START DATASET EXTRACT
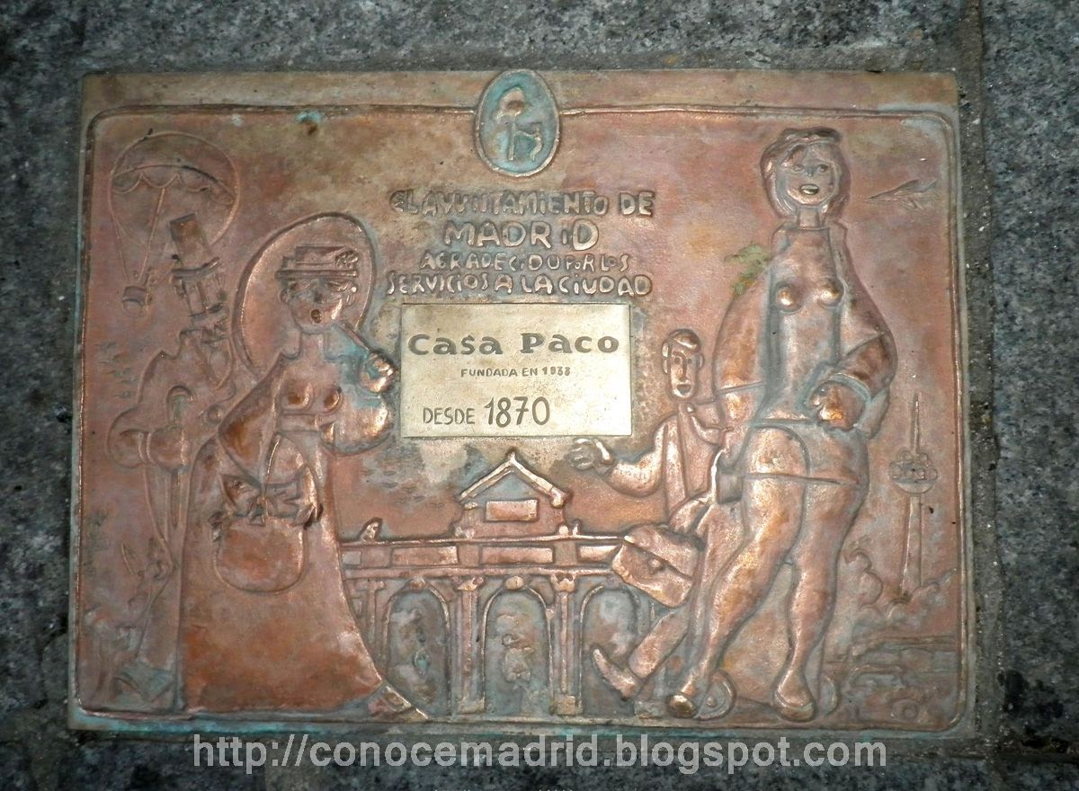 Visitantes famosos: Ava Gardner, Ernest Hemingway, Samuel Bronston, Palomo Linares, Conchita Montes, Francisco Rabal, Fernando Fernán Gomez... Cerró durante la Guerra Civil y tras la contienda se comenzó a servir el cocido en pucheros individuales a 25 céntimos, tradición que ha llegado a la actualidad: los martes hay cocido en Casa Paco, célebre además por la carne a la francesa servida sobre piedra caliente.
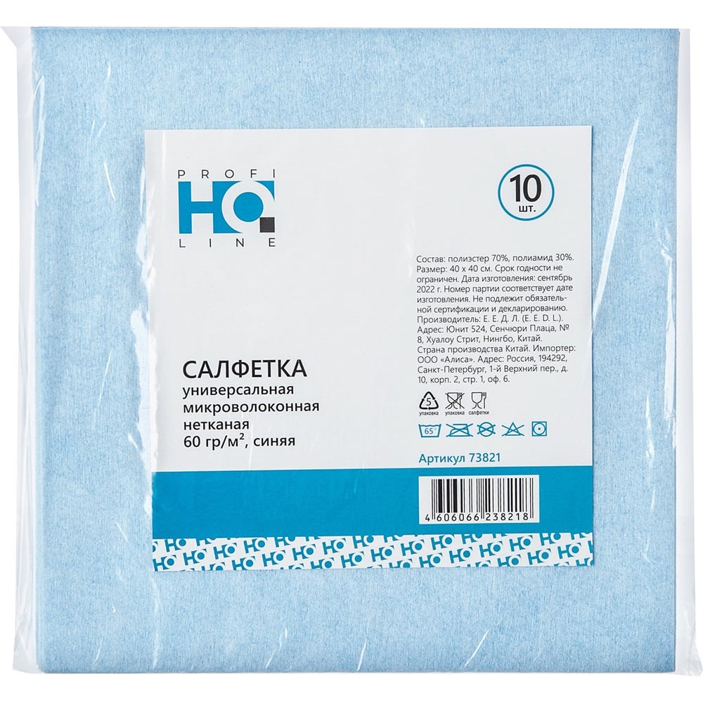 Салфетка нетканная микроволоконная 40х40см, 60 гр/кв.м, 10 шт., синяя HQ profiline 73821 не оставляет ворс на поверхности. Более эффективна в сравнении с вискозными аналогами. Не подвержена гниению, устойчива с размножению микроорганизмов, выдерживает стирку в стиральной машине. Мягкая, не царапает и не повреждает убираемую поверхность. Экономичная. Оптимально подходит для кухонных зон, мест общественного питания.
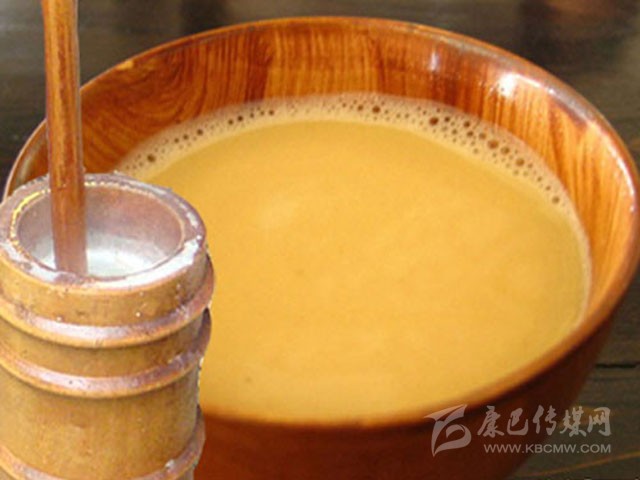 酥油茶是藏族群眾每日必備的飲品。是西藏高原生活的必需。寒冷的時(shí)候可以驅(qū)寒;吃肉的時(shí)候可以去膩;饑餓的時(shí)候可以充饑;困乏的時(shí)候可以解乏;瞌睡的時(shí)候,還可以清醒頭腦。藏民們?nèi)粘V谱魉钟筒钑r(shí)一般使用磚茶,需要時(shí)用刀切削一小塊備用。然后在鍋中加300毫升水煮沸,加3到5克碎磚茶,煮到茶水變黑熄火。茶水變色后,可加入0.5克鹽。如果天氣寒冷的話還可以多加一些鹽。最后,再加入2克酥油(約湯匙的三分之二)。飲用時(shí)將酥油茶經(jīng)過濾網(wǎng)注入茶壺中再倒進(jìn)小茶杯飲用。
END DATASET EXTRACT
> WHAT IS EXPECTED
Transcribe the listing in full. Leave the pictures out.

> FINAL ANSWER
 Visitantes famosos: Ava Gardner, Ernest Hemingway, Samuel Bronston, Palomo Linares, Conchita Montes, Francisco Rabal, Fernando Fernán Gomez... Cerró durante la Guerra Civil y tras la contienda se comenzó a servir el cocido en pucheros individuales a 25 céntimos, tradición que ha llegado a la actualidad: los martes hay cocido en Casa Paco, célebre además por la carne a la francesa servida sobre piedra caliente.
 Салфетка нетканная микроволоконная 40х40см, 60 гр/кв.м, 10 шт., синяя HQ profiline 73821 не оставляет ворс на поверхности. Более эффективна в сравнении с вискозными аналогами. Не подвержена гниению, устойчива с размножению микроорганизмов, выдерживает стирку в стиральной машине. Мягкая, не царапает и не повреждает убираемую поверхность. Экономичная. Оптимально подходит для кухонных зон, мест общественного питания.
 酥油茶是藏族群眾每日必備的飲品。是西藏高原生活的必需。寒冷的時(shí)候可以驅(qū)寒;吃肉的時(shí)候可以去膩;饑餓的時(shí)候可以充饑;困乏的時(shí)候可以解乏;瞌睡的時(shí)候,還可以清醒頭腦。藏民們?nèi)粘V谱魉钟筒钑r(shí)一般使用磚茶,需要時(shí)用刀切削一小塊備用。然后在鍋中加300毫升水煮沸,加3到5克碎磚茶,煮到茶水變黑熄火。茶水變色后,可加入0.5克鹽。如果天氣寒冷的話還可以多加一些鹽。最后,再加入2克酥油(約湯匙的三分之二)。飲用時(shí)將酥油茶經(jīng)過濾網(wǎng)注入茶壺中再倒進(jìn)小茶杯飲用。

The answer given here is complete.